▸ WHAT TO DO
Transcribe the material verbatim, starting at its first line and stopping once the line containing "朝読書の時間にトークタイムを" has been given; no picture should appear.

▸ DATASET SECTION
◇ ◇ ◇ ◇

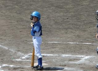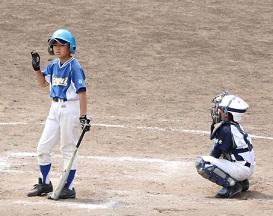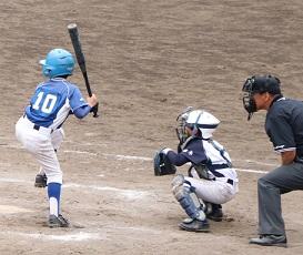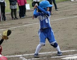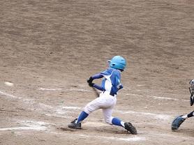 6年生TMさんがバッターです。これも良い当たりです。打球はセンター前に転がりました。
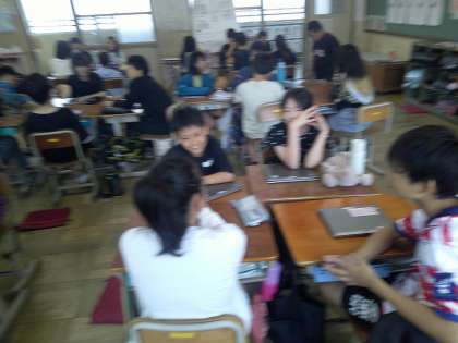 朝読書の時間にトークタイムを行いました。それぞれお題が分からないものを話をしながら当てていくというものでした。大盛り上がりでした♪
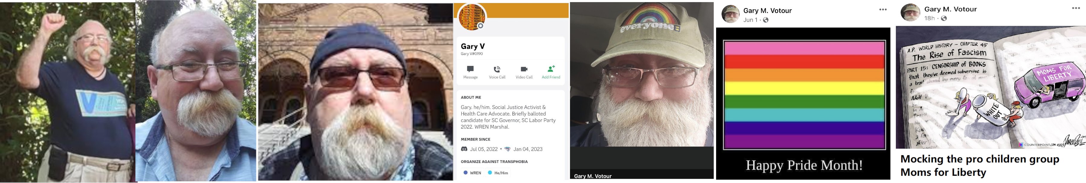 Gary Michael Votour (born Feb. '59) is a former Labor Party candidate for the South Carolina governorship. He's also a member of the extremist Organize Against Transphobia (OAT) group and had an account on OAT's leaked Discord server (see pic). OAT disrupted a TPUSA event at the University of South Carolina in 2023 and has Tweeted messages that appear to threaten SCOTUS. Votour is retired but worked as an artist and publisher. We're not sure if he's transgender or just an "ally"; he's married to a real woman, and he doesn't look like the typical tranny. He lives in the Woodfield neighborhood of Columbia. https://archive.ph/ZRE6V https://www.linkedin.com/in/gary-votour-67148143 https://wmkinstitute.com/wp-content/uploads/2023/07/Organize-Against-Transphobia-Discord-Documents-Screenshots.zip (Discord leak)
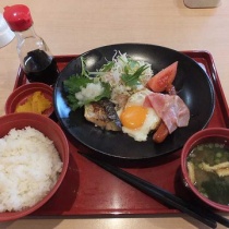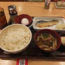 釣りの前にすき家のさば朝食(葉鹿店)

◇ ◇ ◇ ◇

▸ RESPONSE FOR THIS EXERCISE
 6年生TMさんがバッターです。これも良い当たりです。打球はセンター前に転がりました。
 朝読書の時間にトークタイムを行いました。それぞれお題が分からないものを話をしながら当てていくというものでした。大盛り上がりでした♪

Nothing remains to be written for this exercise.